パーフェクト・ワールド/クイント・イーストウッド監督
脱獄した二人組は、最初からうまが合っていない。家宅侵入した家で相方が欲情してしまい、家事をしていた女性を襲おうとする。それを止めようとしてごたごたしたが、結局そこの少年を人質に逃避行となってしまう。逃げている際中に相方とは結局うまくいかず殺してしまい、しかし子供はなんとなくというか、ちょっとしたきっかけもあるが結局連れて逃げていく。車で逃げている道中、子供の父親は居ないか出ていったかして、ろくでもない奴であるらしいことも分かる。犯人の男の父親も酷い親だったらしく、何か共通の苦しみというか親近感というか、疑似的な親子のような感情が芽生えていくようだった。
一方追いかけている警察の方も、地元の警察署長自ら陣頭指揮し、FBI捜査官、知事からの派遣で若い女性の犯罪心理学者などで構成されていて、足並みが悪い。犯人のブッチは無謀ながらなかなか機転が利く男で、要所要所で関門をすり抜けていく。
見つからないようにトウモロコシ畑の中に車を突っ込ませて休眠していると、夜間の方が涼しいという理由で作業していた農夫が彼らを見つける。まあ事情を知らないので、朝まで自分の家で休んだらいいと誘われる。厚意に甘えて休ませてもらうことになったのだが……。

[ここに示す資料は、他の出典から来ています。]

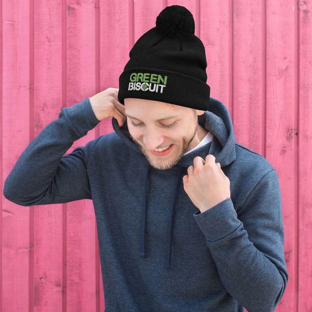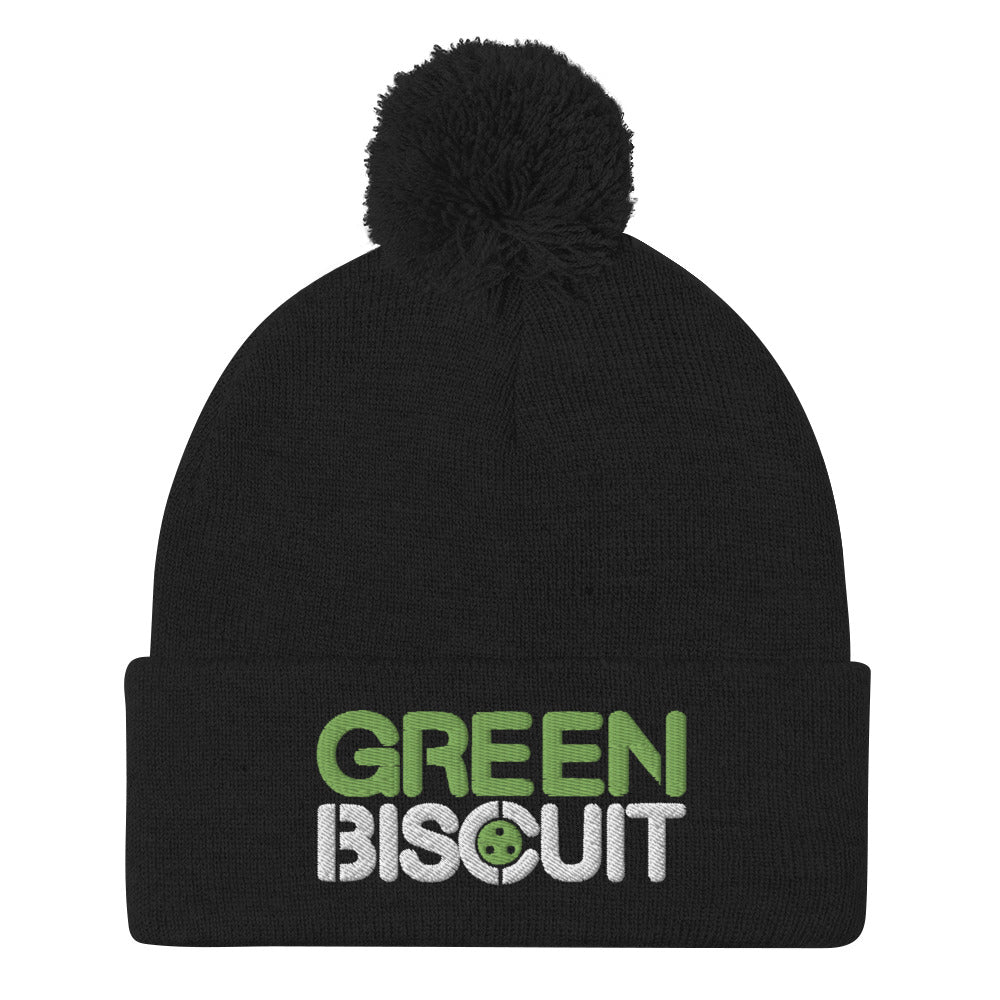 Black beanie with 'Green Biscuit' text and logo on a white background

一種の暴力の連鎖とは何か、ということを見事に描いたストーリーになっている。犯罪者は悪いことをしたから刑務所に入っているのだが、その家庭の事情までは誰もみてはいない。実際のところまでを僕は専門的に知っているわけではないが、暴力的な男の多くは、家庭などでもひどく暴力を受けていた、いわば心の傷のようなものを抱えている場合が多いという。そうしてまた、そういう男が子供を持つと、また自分の子供にも暴力を働いてしまう。そういう連鎖が、いつまでも続く傾向があるということなのだ。特に子供のころに受けた暴力というのは、いつまでもその人の人生を苦しめることになる。だから犯罪を犯していいということのはならないけれど、諸悪のもとを何とかしないことには、なかなかこういう問題は複雑なまま根を張っていくことになるのだろう。
救いの少ない話ではあるのだが、人殺しである犯人のことを、段々と救いたいような、そんな気分にさせられる物語だ。そののちに誘拐された少年が、母親から願いをかなえられたものかは分からない。しかし暴力を許さなかった志は、この犯人とのやり取りの中で、結果的には培われたのではないか、などと期待するより無いのだろう。